Therapeutic drug monitoring van fluconazol bij gelijktijdige nierfunctiestoornis en interactie met rifampicine
- Rubriek: Casuïstische mededeling
- Identificatie: 2021;6:a1739
Kernpunten
- TDM van fluconazol is zinvol wanneer sprake is van onvoorspelbare blootstelling
- Onvoorspelbare blootstelling kan veroorzaakt worden door aanwezigheid van een nierfunctiestoornis en gelijktijdig gebruik van rifampicine.

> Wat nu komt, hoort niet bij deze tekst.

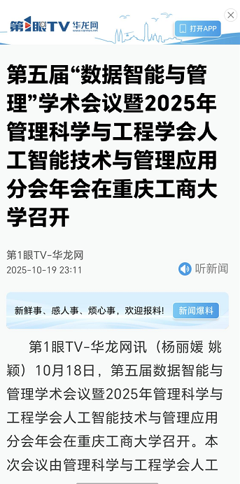 2.第1眼TV-华龙网:第五届“数据智能与管理”学术会议暨2025年管理科学与工程学会人工智能技术与管理应用分会年会在乐鱼在线登录召开
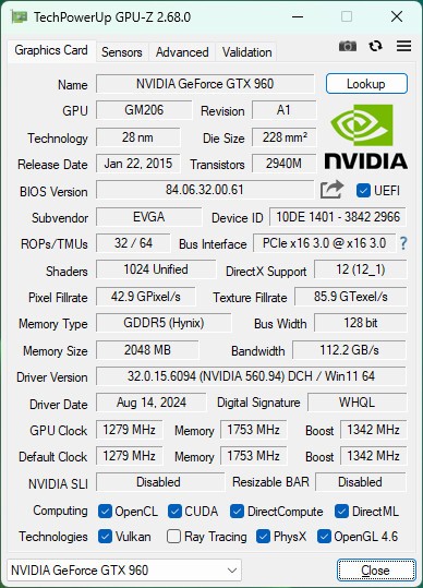 Chipset/GPU Model: NVIDIA GeForce GTX 960
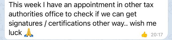 talk to lawyer, he will go to Portuguese tax authorities this week to talk about accepting digital signatures and forms so we can skip the physical process #rebase
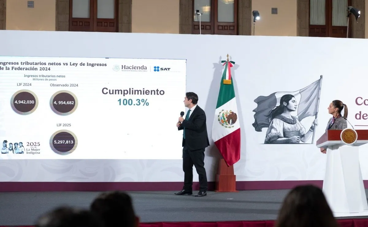 Recordó que la Ley de Ingresos de la Federación de 2025 establece cerca de 5.3 billones de pesos, lo que representa un incremento de 3.2 y en términos nominales de 350 mil millones más.
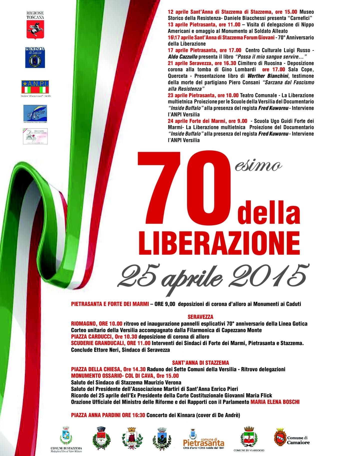 “Insieme alle amministrazioni della Versilia e con il coordinamento dell’Anpi di Pietrasanta abbiamo organizzato il calendario congiunto per le celebrazioni del 70° anniversario della Liberazione”, spiega il sindaco di Stazzema Maurizio Verona. “In tutto il territorio della Versilia saranno organizzati eventi culturali, incontri, proiezioni, presentazioni di libri coinvolgendo la popolazione ed in particolare le scuole ed i giovani, per trasmettere la conoscenza della storia che ha portato alla Liberazione del nostro Paese dal Nazifascismo.
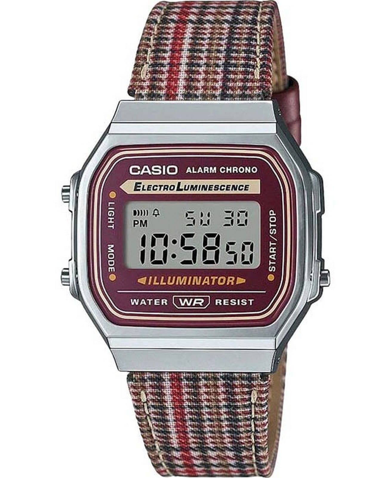 Японские наручные часы A168WEFL-5AEF из коллекции Illuminator являются отражением спортивного и винтажного стиля, подойдут к любому образу. Серебристый аксессуар с фирменным для Casio 8-угольным корпусом будет гармонично смотреться как с деловым пиджаком, так и с повседневной водолазкой. Оригинальности добавляет кожаный в шотландскую клетку. Ударопрочный корпусУдаропрочный корпусМеханизм заключён в корпус, выполненный из современных материалов, устойчивых к ударам, механическим повреждениям и падению с высоты: инновационный пластик, карбон, нержавеющая сталь, титан. и браслет с предохранительной застёжкой сделаны из нержавеющей стали 316L. Надёжное минеральное стекло. Срок работы батарейки - 3 года. Наличие будильника, секундомера, календаря. Светодиодная подсветкаСветодиодная подсветкаСветодиодная или LED-подсветка обеспечивает появление яркого холодного свечения за счёт LED-элементов - маленьких лампочек. Они потребляют минимальное количество энергии, чаще всего можно встретить 1 светодиод, в нижней части циферблата. дисплея. Габариты: 38 x 39,6 x 9,6 мм.
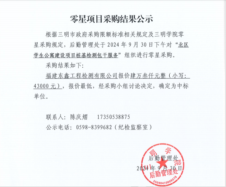 北区学生公寓建设项目桩基检测包干零星采购结果公示
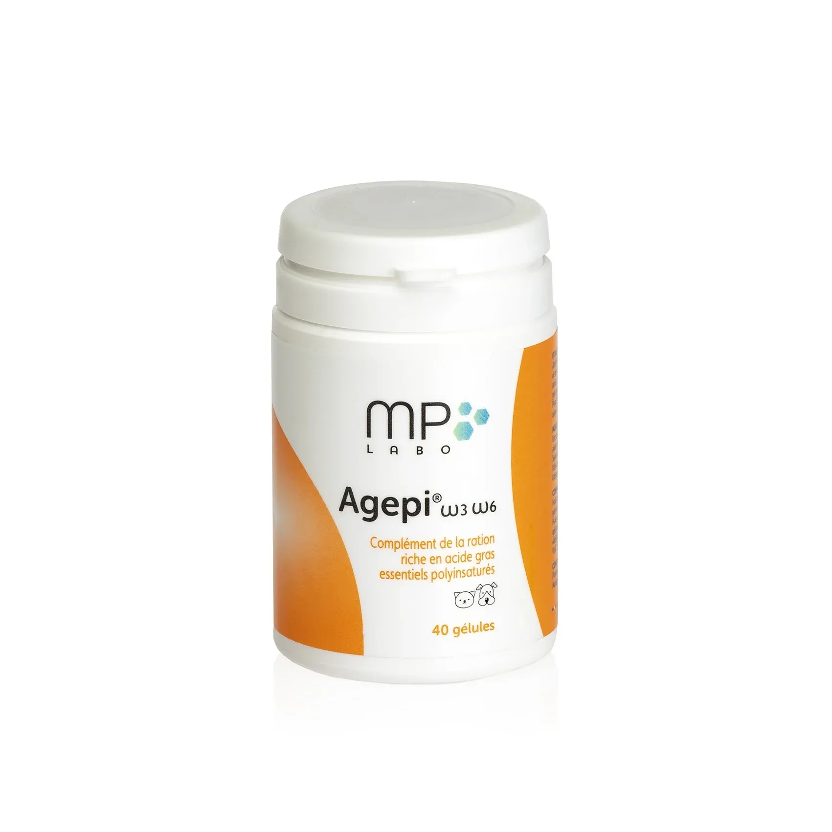 Agepi Omega 3 Omega 6 est un complément alimentaire pour chiens et chats. Ces capsules d’Acides Gras Essentiels Polyinsaturés (OMEGA 6 et OMEGA 3), contenant également des vitamines A et E, permettent l’obtention d’un pelage brillant et soyeux et d’une peau saine et souple (mues, concours, alopécie…).
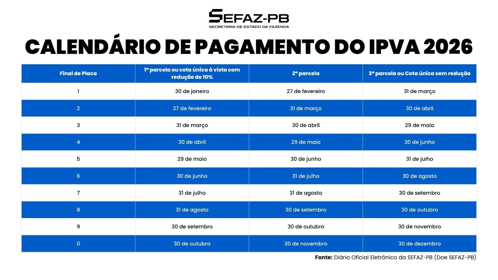 A Secretaria de Estado da Fazenda (Sefaz-PB) já liberou a emissão do boleto da placa com final 1 do IPVA (Imposto sobre a Propriedade de Veículos Automotores) para efetuar o pagamento do exercício de 2026. Os proprietários de veículos no Estado da Paraíba com placa final 1 já podem emitir o boleto do IPVA no portal da Sefaz-PB, por meio do link https://www.sefaz.pb.gov.
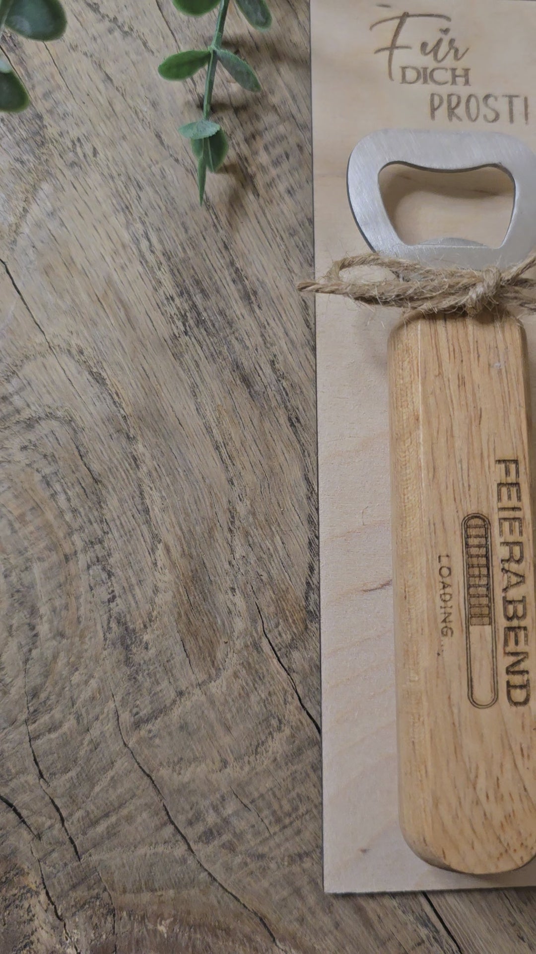 Dieser liebevoll gravierte Bieröffner ist das ideale Geschenk für alle, die den Feierabend zelebrieren – ob Partner, Freund, Kollege oder Familienmitglied. Der stabile Holzgriff trägt die humorvolle Gravur „FEIERABEND LOADING“ mit Ladebalken und sorgt garantiert für ein Lächeln beim ersten Öffnen des kühlen Biers.
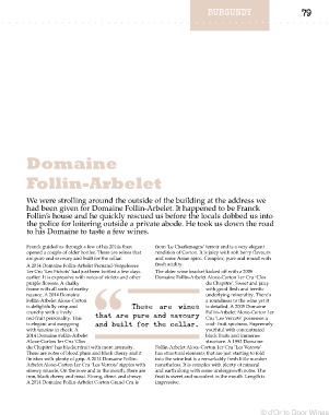 du Chapitre’ has blacker fruit with more intensity. Follin-Arbelet Aloxe-Corton 1er Cru ‘Les Vercots’
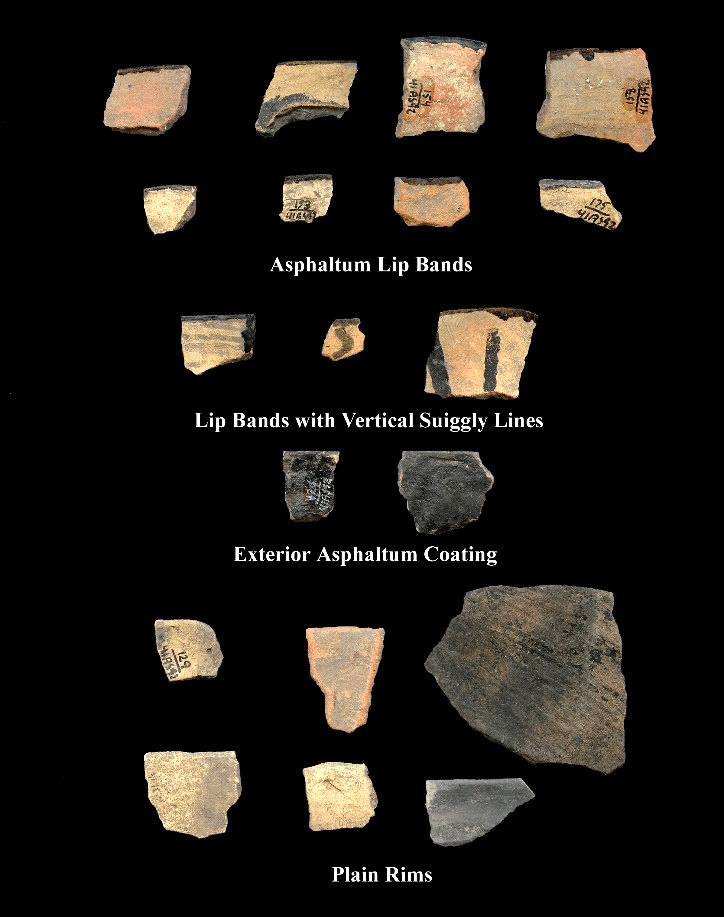By 1250 A.D. pottery technology had reached in the central coast. Sandy paste wares similar to Goose Creek Plain of the upper coast have been found at 41JK8 on the lower Lavaca River in association with Scallorn arrow points. The people of the central coast, probably ancestral to the historic Karankawa tribes, were making a distinctive pottery by A.D. 1250-1300. This pottery, known as Rockport Ware, is a distinctive trait of the Rockport Phase, which has been linked with the Karankawa. It is a thin, sandy paste pottery that is sometimes undecorated (Rockport Plain), sometimes decorated with incised markings (Rockport Incised) almost certainly inspired by upper coast styles, but most frequently coated and/or decorated with asphaltum. Decorations consist of narrow bands of asphaltum painted along the rims of pots. In some cases, vertically oriented sets of parallel squiggly lines are added, and these descend along the outside of jars and ollas (narrow-mouth vessels). Interiors of these pots were often coated with asphaltum, perhaps as a sealant, and exteriors were sometimes partially or completely coated, as well.

- Tegenstrijdige effecten beïnvloeden in dit geval de kinetiek.
Abstract
Therapeutic drug monitoring of fluconazole in combination with renal dysfunction and rifampicin co-administration
Introduction
Fungal infections are frequently treated with fluconazole. There is a clear relationship between efficacy and blood levels. Therapeutic drug monitoring (TDM) is not routinely performed because of predictable pharmacokinetics. However, these can be affected by renal dysfunction and other medicines like rifampicin.
Description
This case report shows fluconazole TDM in a setting with the combination of both renal dysfunction and rifampicin co-administration.
Discussion
The case shows that TDM of fluconazole has added value in case of the combination of both renal dysfunction and co-administration of rifampicin. Impaired renal function seems to limit the ability of rifampicin to interfere with the reabsorption route of fluconazole. This leads to unpredictable variations in fluconazole blood levels in which TDM offers a solution.
Conclusion
TDM is recommended in case exposure to fluconazole is unpredictable, for example when there is both renal dysfunction and rifampicin co-administration which affect kinetics in contrary manners.
Fluconazol
Fluconazol, een triazoolderivaat antimycoticum, is werkzaam tegen verschillende Candida spp., waaronder C. albicans. Het remt cytochroom P450 (CYP450)-enzymen in de schimmelcel en zo de aanmaak van ergosterol, wat zorgt voor een verandering van de membraanpermeabiliteit. Dit leidt tot lekkage van intracellulaire bestanddelen en daarmee inhibitie van de groei. De werking is voornamelijk fungistatisch en afhankelijk van de spiegel en de minimaal inhibitoire concentratie (MIC) van de schimmel. Het heeft een halfwaardetijd van ongeveer 30 uur, wordt weinig gemetaboliseerd – circa 11% – en deze klaring wordt minimaal beïnvloed door CYP450-enzymen. Klaring vindt voor ongeveer 80% onveranderd renaal plaats en er is sprake van substantiële tubulaire reabsorptie, wat de lange halfwaardetijd verklaart. De standaardbehandeling van invasieve candidiasis voor volwassenen is een oplaaddosis van 800 mg gevolgd door 400 mg per dag [1-3].
Nierfunctiestoornissen
De aanzienlijke mate van renale excretie zorgt ervoor dat dosisaanpassing nodig is bij nierfunctiestoornissen. Bij een geschatte glomerulaire filtratiesnelheid (eGFR) < 50 mL/min wordt geadviseerd de dosis 50% te reduceren en de oplaaddosis ongewijzigd te laten [4-6]. Dit komt bij een invasieve candidiasis neer op een oplaaddosis van 800 mg, gevolgd door een onderhoudsbehandeling van 1 dd 200 mg [7,8].
Interacties
Fluconazol remt CYP2C9, CYP2C19 en CYP3A4, waardoor de bloedspiegel van onder andere carbamazepine, dihydropyridines, fenytoïne en immunosuppressiva kan stijgen. Daarnaast kan de farmacokinetiek door andere middelen beïnvloed worden (bijvoorbeeld rifampicine: spiegeldaling; tipranavir: spiegelstijging). Tevens wordt de kans op ritmeproblematiek verhoogd bij de combinatie met andere QTc-verlengers [4-7,9].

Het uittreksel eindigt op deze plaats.